TASK: Please write out exactly the lines from the one with "horloge, kunststof, siliconen" through the end of the data below, both ends included, and omit any pictures.

DATASET EXTRACT:
=== Begin Enclosure ===
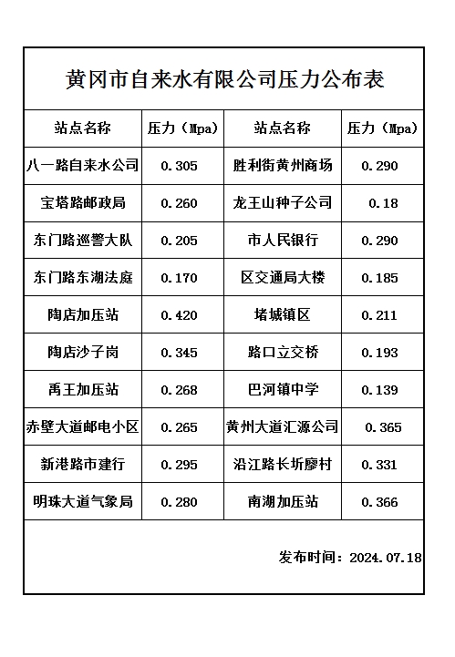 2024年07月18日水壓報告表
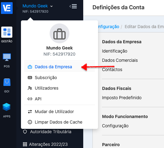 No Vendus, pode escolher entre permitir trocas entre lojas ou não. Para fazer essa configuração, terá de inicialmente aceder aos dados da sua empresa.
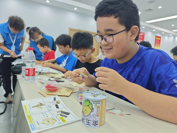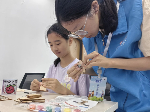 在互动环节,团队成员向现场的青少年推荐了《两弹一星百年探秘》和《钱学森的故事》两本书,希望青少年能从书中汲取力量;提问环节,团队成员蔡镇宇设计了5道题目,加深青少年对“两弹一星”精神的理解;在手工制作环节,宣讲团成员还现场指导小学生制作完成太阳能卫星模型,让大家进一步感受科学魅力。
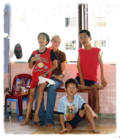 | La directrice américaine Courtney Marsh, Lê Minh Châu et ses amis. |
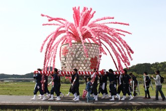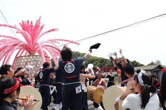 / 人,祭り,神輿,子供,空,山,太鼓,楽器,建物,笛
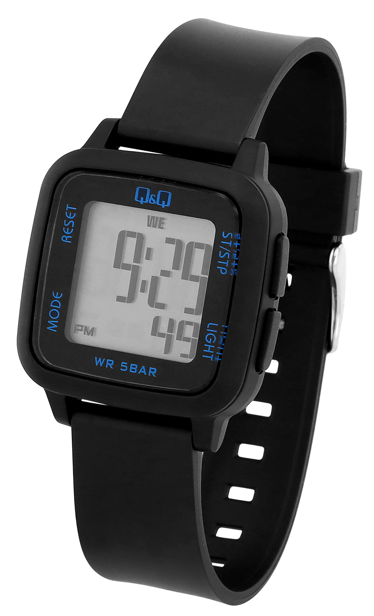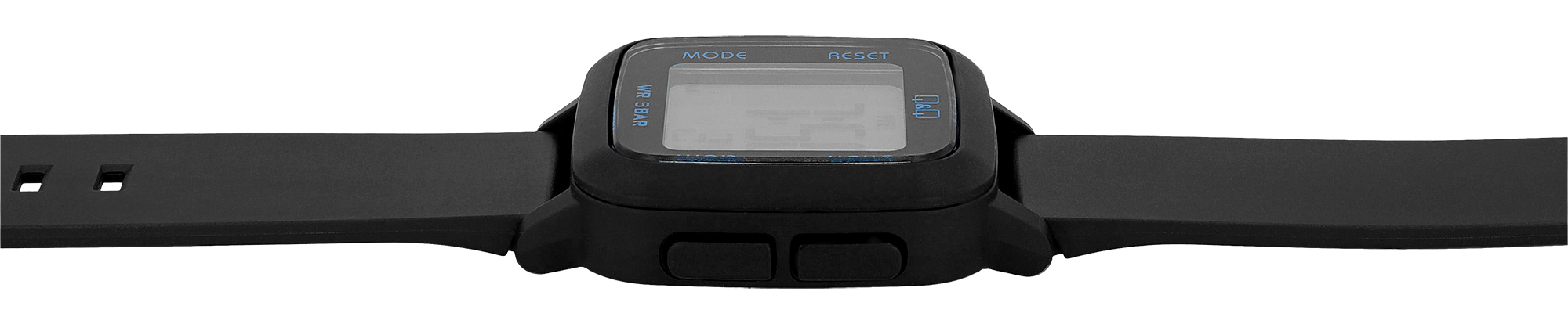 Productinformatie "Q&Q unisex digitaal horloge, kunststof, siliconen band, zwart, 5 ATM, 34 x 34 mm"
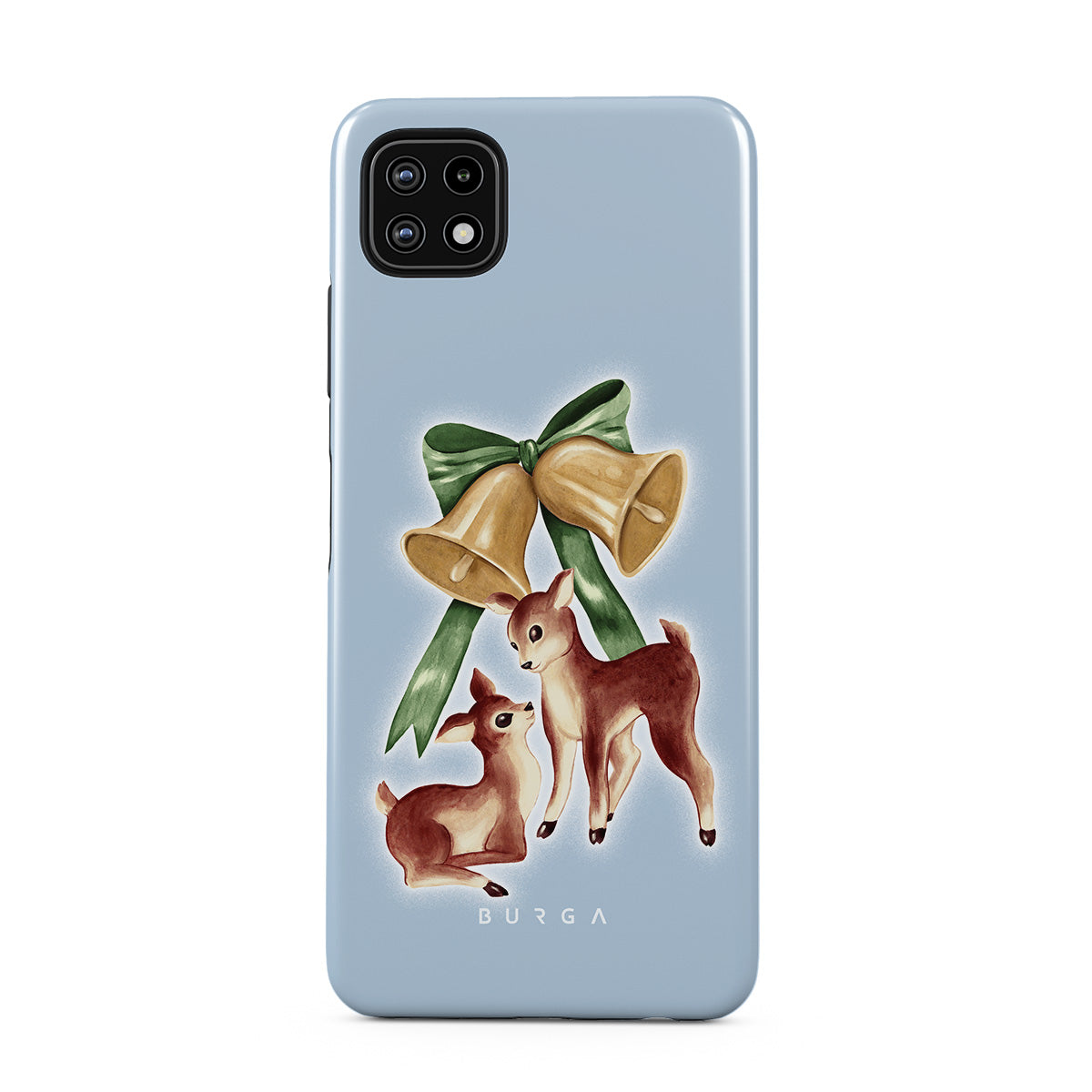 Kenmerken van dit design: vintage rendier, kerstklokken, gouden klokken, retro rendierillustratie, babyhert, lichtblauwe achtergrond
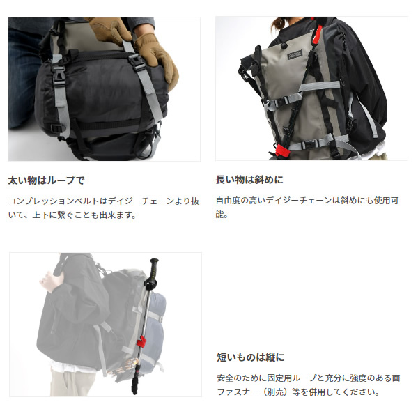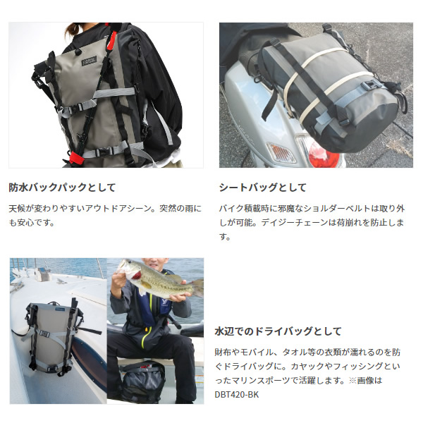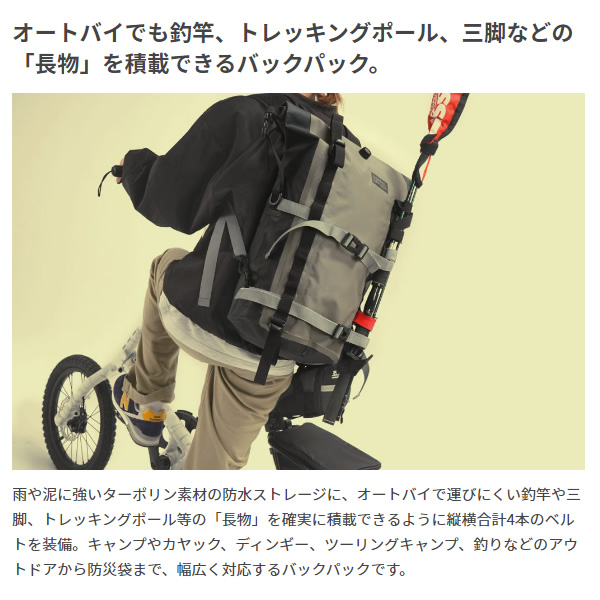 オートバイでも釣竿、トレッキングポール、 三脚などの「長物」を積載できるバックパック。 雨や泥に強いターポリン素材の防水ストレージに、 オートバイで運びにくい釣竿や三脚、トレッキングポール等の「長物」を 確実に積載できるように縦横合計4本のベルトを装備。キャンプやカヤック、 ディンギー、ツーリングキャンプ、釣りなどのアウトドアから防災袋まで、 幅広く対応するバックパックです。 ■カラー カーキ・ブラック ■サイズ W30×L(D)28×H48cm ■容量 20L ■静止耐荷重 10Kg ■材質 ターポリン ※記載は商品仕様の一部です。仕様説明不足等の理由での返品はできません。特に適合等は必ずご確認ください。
=== End Enclosure ===
TASK RESULT:
 Productinformatie "Q&Q unisex digitaal horloge, kunststof, siliconen band, zwart, 5 ATM, 34 x 34 mm"
 Kenmerken van dit design: vintage rendier, kerstklokken, gouden klokken, retro rendierillustratie, babyhert, lichtblauwe achtergrond
 オートバイでも釣竿、トレッキングポール、 三脚などの「長物」を積載できるバックパック。 雨や泥に強いターポリン素材の防水ストレージに、 オートバイで運びにくい釣竿や三脚、トレッキングポール等の「長物」を 確実に積載できるように縦横合計4本のベルトを装備。キャンプやカヤック、 ディンギー、ツーリングキャンプ、釣りなどのアウトドアから防災袋まで、 幅広く対応するバックパックです。 ■カラー カーキ・ブラック ■サイズ W30×L(D)28×H48cm ■容量 20L ■静止耐荷重 10Kg ■材質 ターポリン ※記載は商品仕様の一部です。仕様説明不足等の理由での返品はできません。特に適合等は必ずご確認ください。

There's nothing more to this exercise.